Input data:

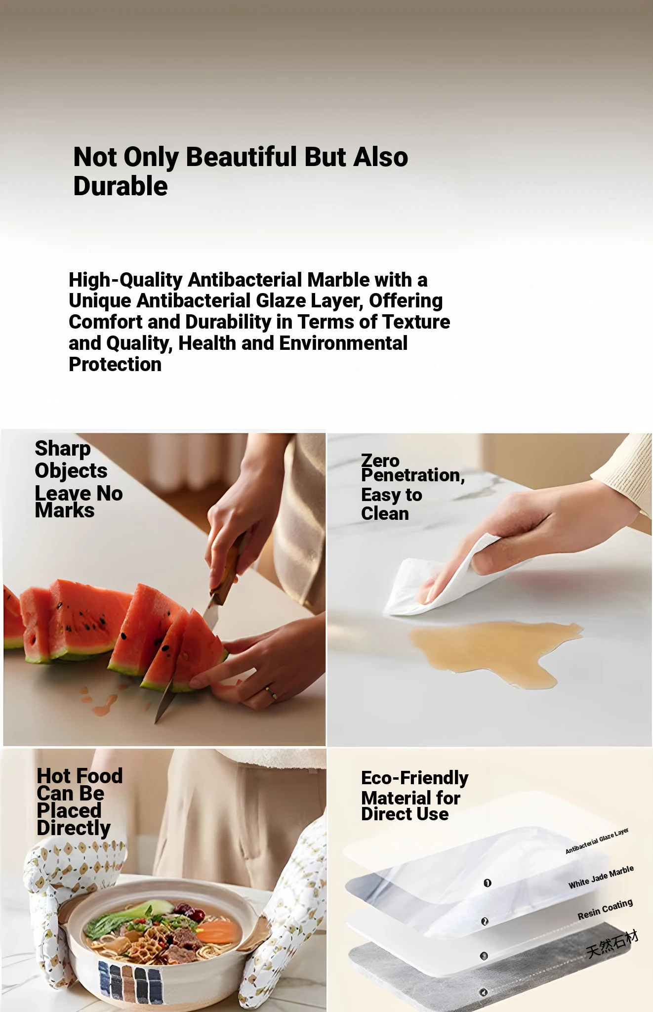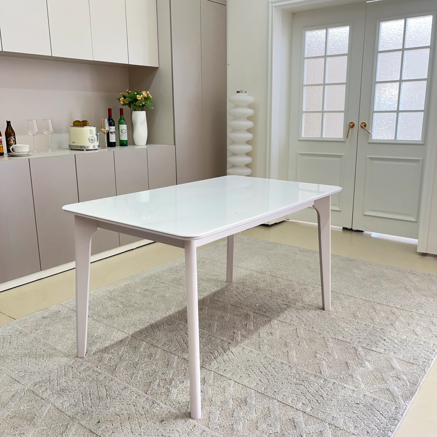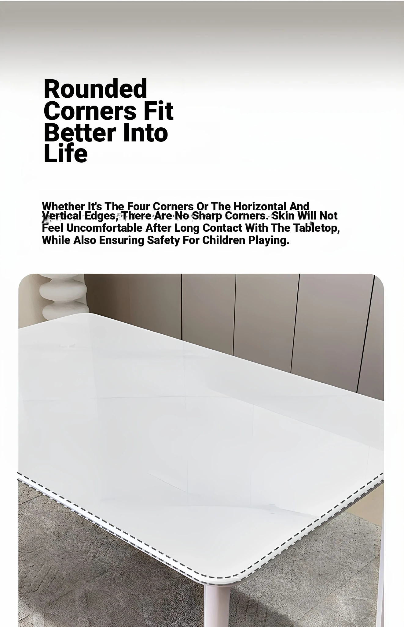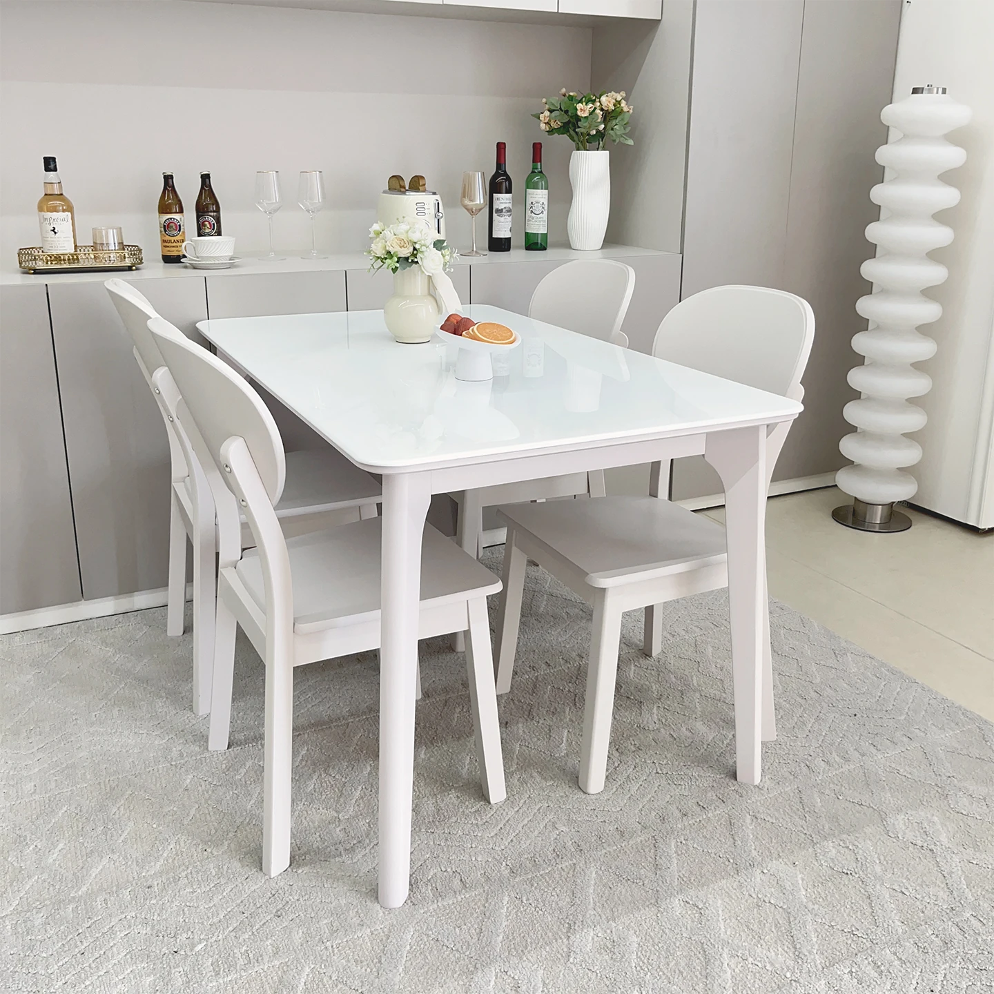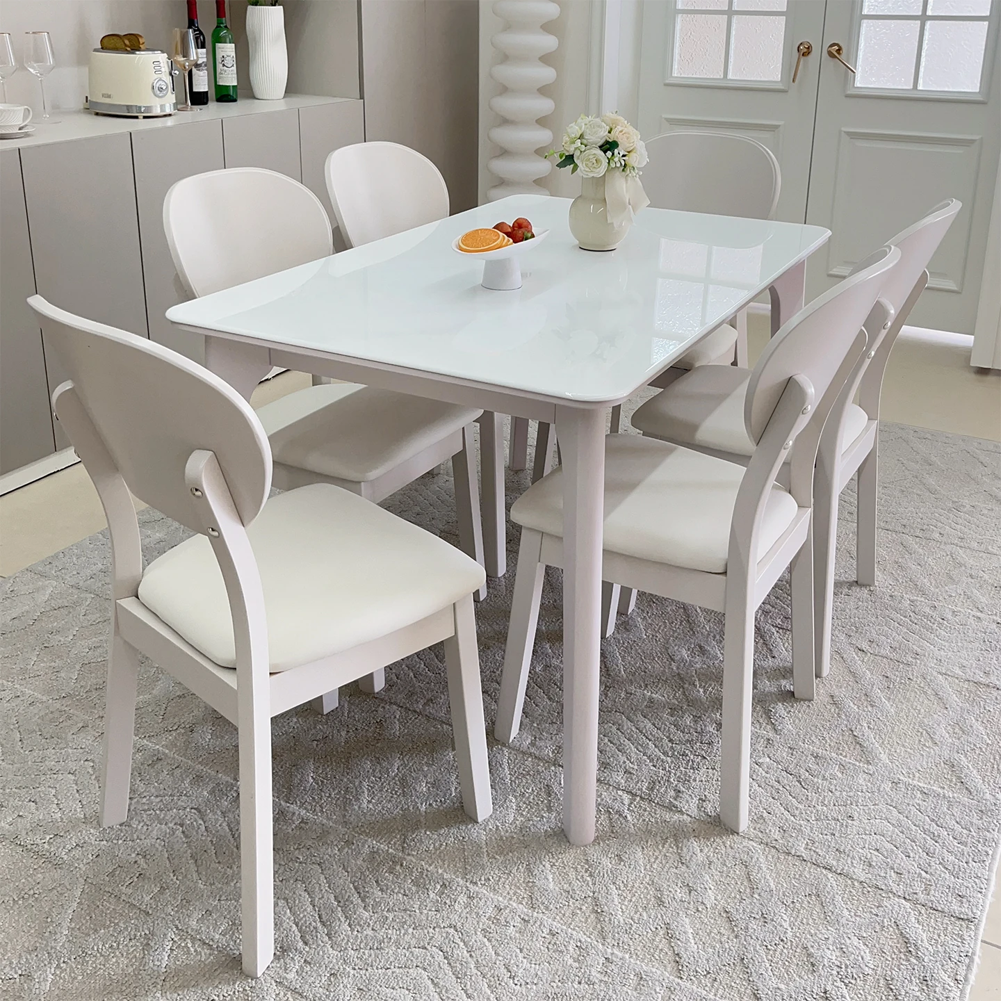 Elegant Rectangular Natural Marble Dining Table and Chair Set for Small Homes - Luxurious Cream Style Solid Wood Dining Table
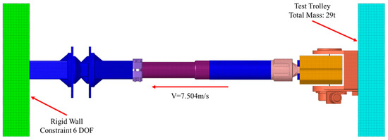 As shown in Figure 11, the finite element simulation model for the test conditions established contact relationships between the coupler heads, crushed tube, buffers, and coupler yoke using *CONTACT_AUTOMATIC_SURFACE_TO_SURFACE, and the friction coefficient was set to 0.2, referencing relevant literature [30]. Additionally, to ensure that the impact of kinetic energy remains unchanged during the collision, corresponding mass points are placed on the test trolley, and the total model mass is adjusted to match the test mass.
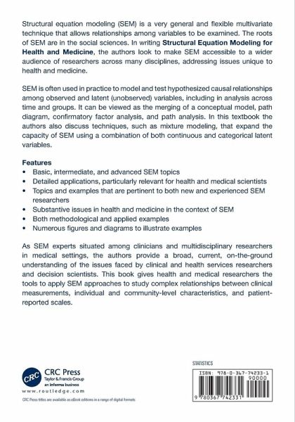 Structural equation modeling (SEM) is a very general and flexible multivariate technique that allows relationships among variables to be examined. The roots of SEM are in the social sciences. In writing this textbook, the authors look to make SEM accessible to a wider audience of researchers across many disciplines, addressing issues unique to health and medicine.
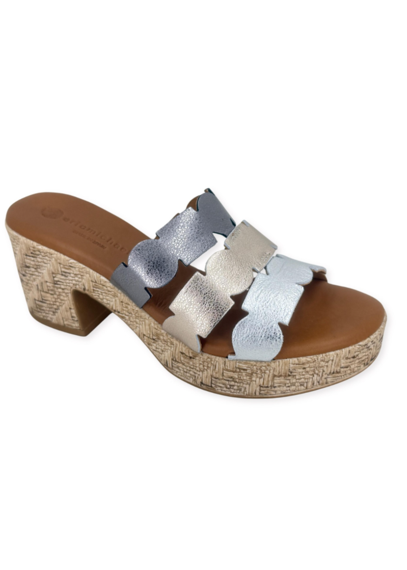 The Minka by Eric Michael offers a playful twist on a best-selling silhouette. Three sculpted suede straps in vibrant shades of orange, yellow, and taupe create a bold color-blocked effect with a soft touch.
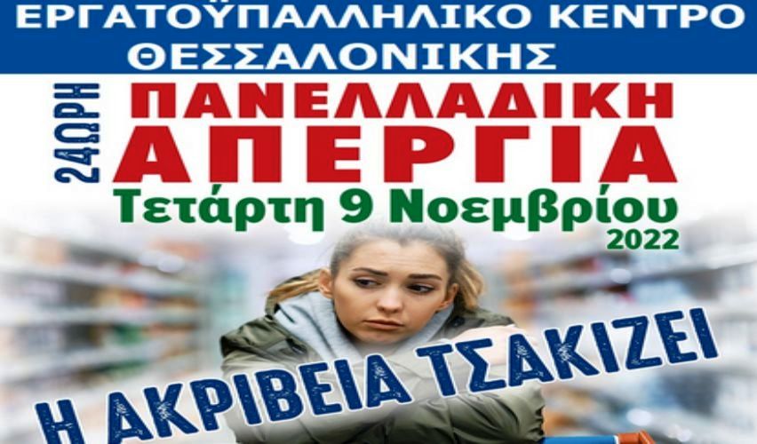 Στη Θεσσαλονίκη το Εργατικό Κέντρο Θεσσαλονίκης με κεντρικό σύνθημα, «η ακρίβεια τσακίζει», καλεί όλους τους εργαζόμενους να απεργήσουν και να συμμετέχουν στην απεργιακή εκδήλωση στις 10.30 πμ, μπροστά στο κτίριο του ΕΚΘ.
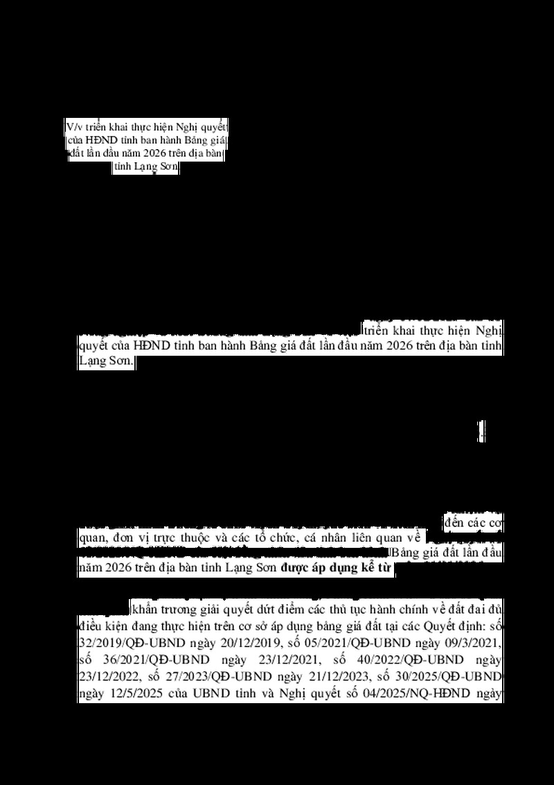 | Tiêu đề văn bản | V/v triển khai thực hiện Nghị quyết của HĐND tỉnh ban hành Bảng giá đất lần đầu năm 2026 trên địa bàn tỉnh Lạng Sơn | ||
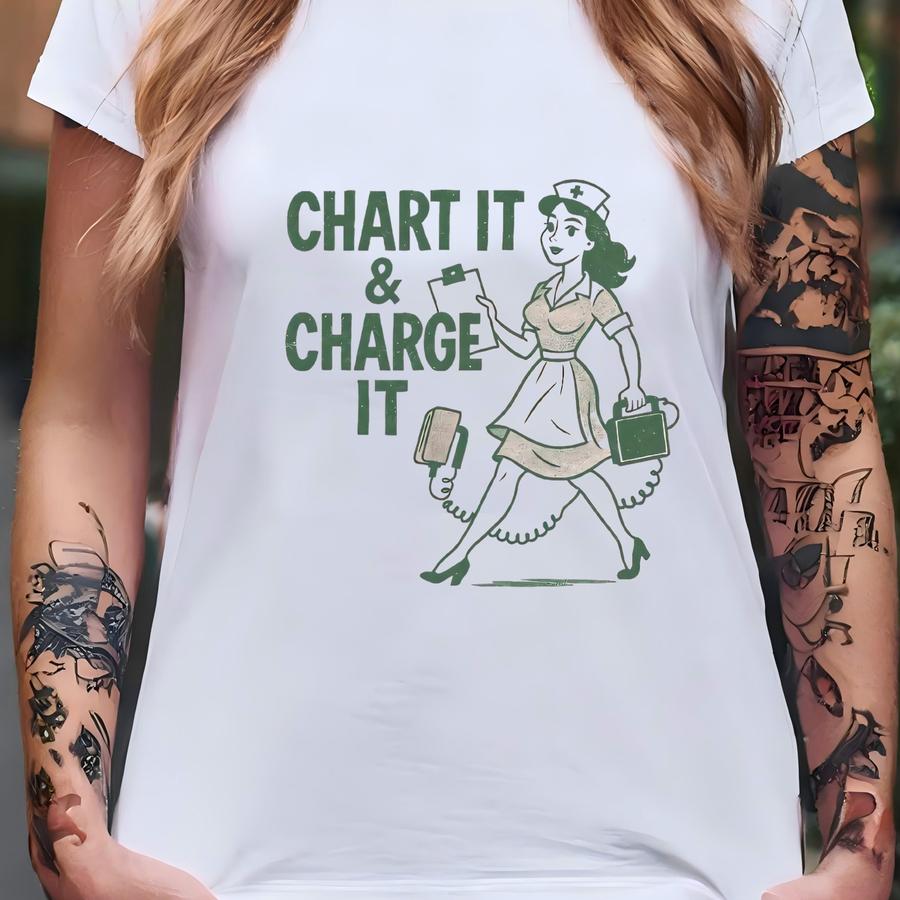 Chart It Charge It Sweatshirt - Funny Nurse Crewneck T-shirt
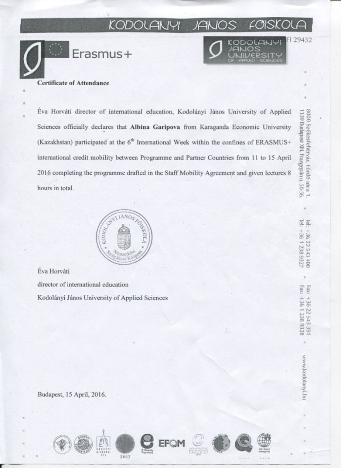 Lecturer of "Tourism and Catering" Garipova A. A. participated in the 6th international week and conference ERASMUS+international credit mobility from 11 to 15 April at the Kosolanyi Janos University of Applied Sciences, Budapest. The teacher teach lectures in English in number of 8 hours for students from Hungary and different countries, participating in academic mobility program ERASMUS. She took an active part in seminars.
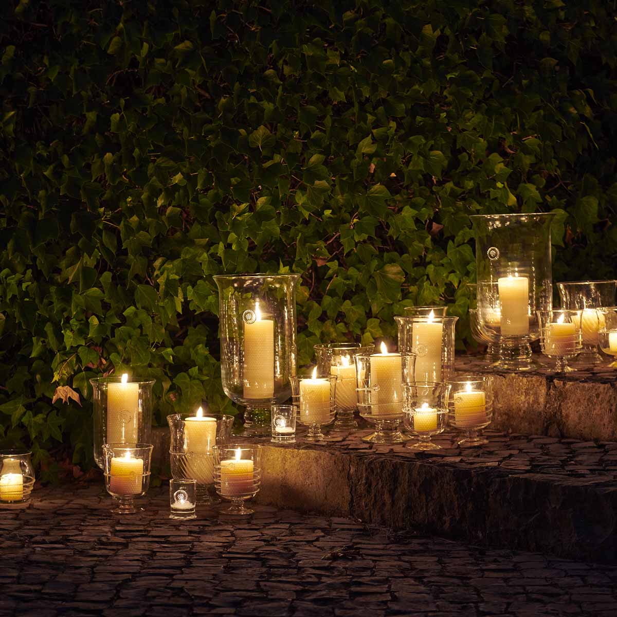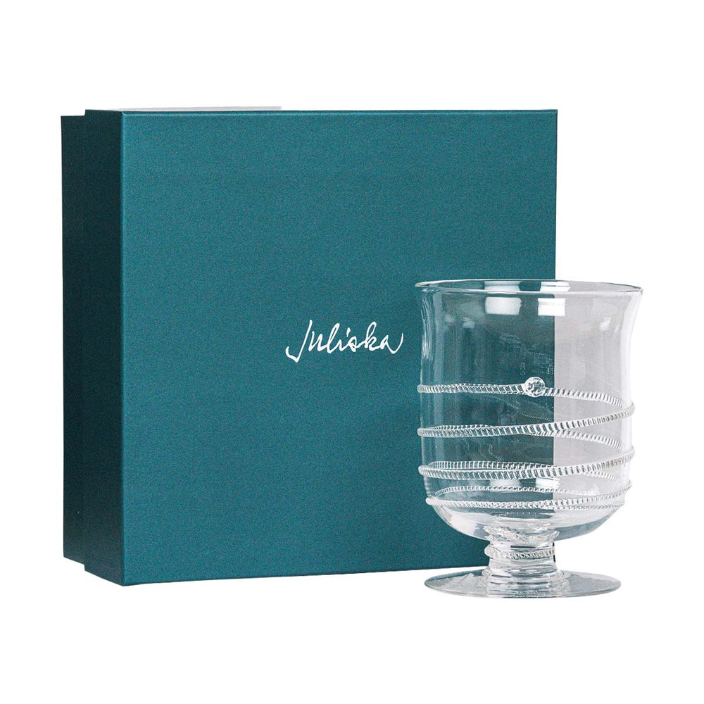 Flickering candlelight is taken to new heights with this exquisite hurricane that is festooned with the uplifting swirl of our iconic glass thread and single berry that never fails to enhance the magical twinkle and romance of any setting. Made of expertly mouth-blown glass with intricate details that only a master glass artist can produce, this versatile vessel is also fantastic for floral arrangements and makes a fabulous gift.
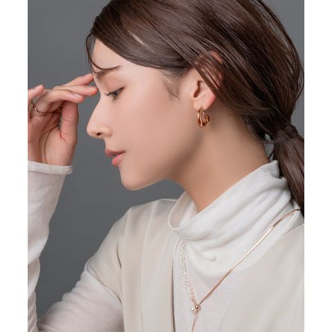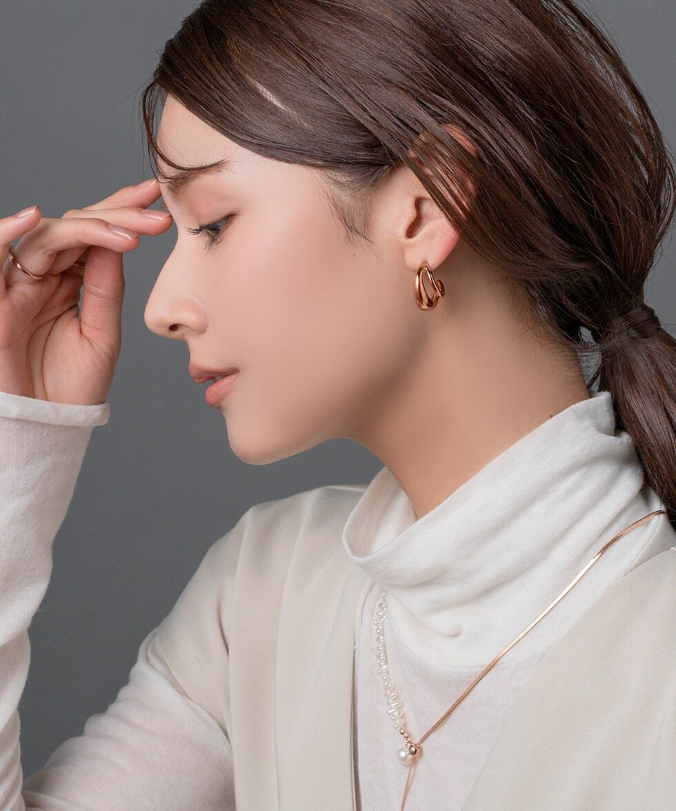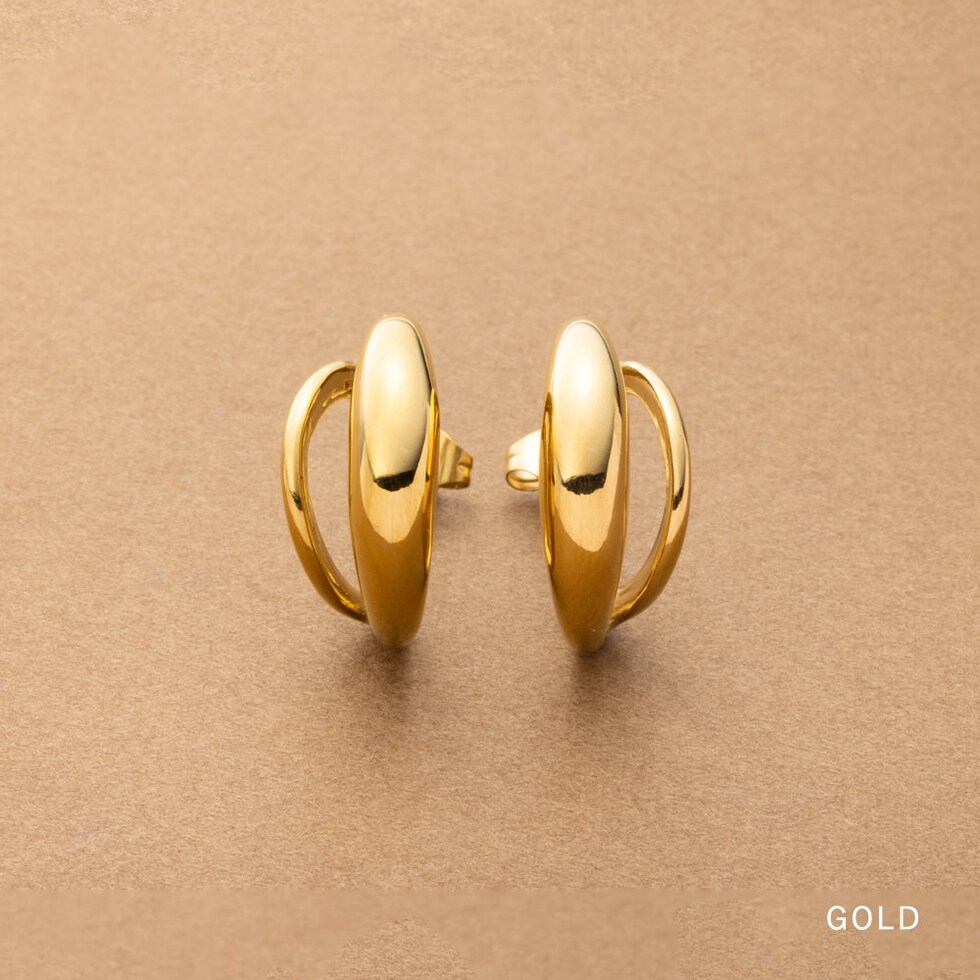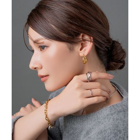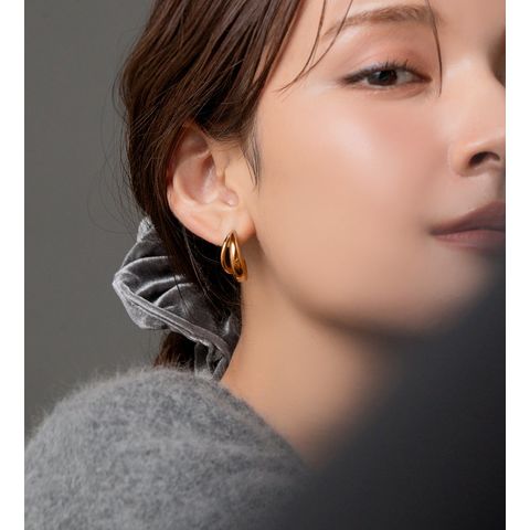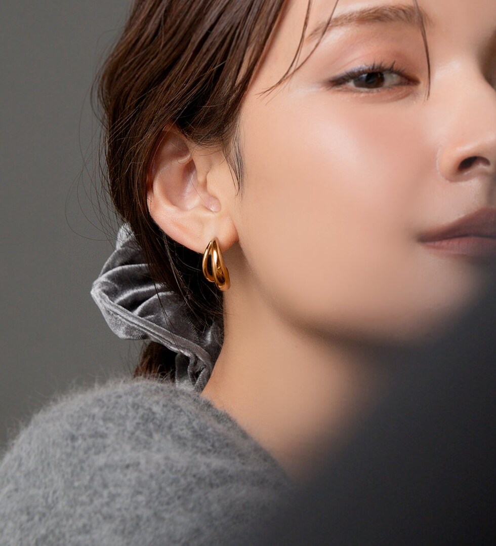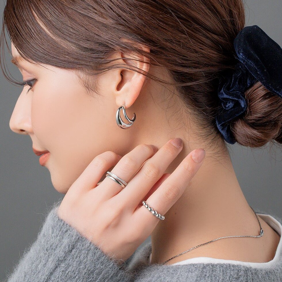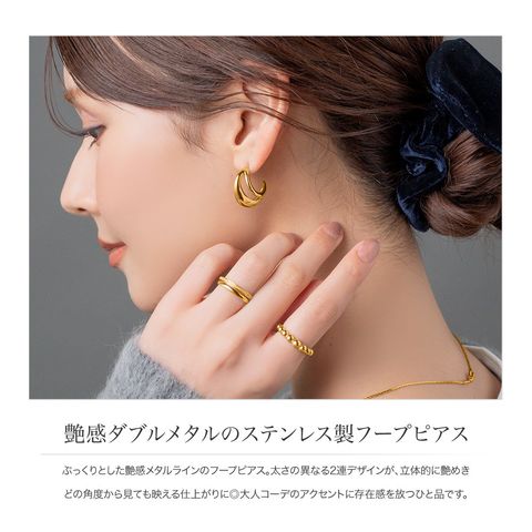 ぷっくりとした艶感メタルラインのフープピアス。太さの異なる2連デザインが、立体的に艶めきどの角度から見ても映える仕上がりに◎大人コーデのアクセントに存在感を放つひと品です。

Problem to work on: From the line holding "part in seminars." to the line holding "Flickering candlelight is", both included, retype the entries above exactly and drop the pictures.

Solution to this task:
 Lecturer of "Tourism and Catering" Garipova A. A. participated in the 6th international week and conference ERASMUS+international credit mobility from 11 to 15 April at the Kosolanyi Janos University of Applied Sciences, Budapest. The teacher teach lectures in English in number of 8 hours for students from Hungary and different countries, participating in academic mobility program ERASMUS. She took an active part in seminars.
 Flickering candlelight is taken to new heights with this exquisite hurricane that is festooned with the uplifting swirl of our iconic glass thread and single berry that never fails to enhance the magical twinkle and romance of any setting. Made of expertly mouth-blown glass with intricate details that only a master glass artist can produce, this versatile vessel is also fantastic for floral arrangements and makes a fabulous gift.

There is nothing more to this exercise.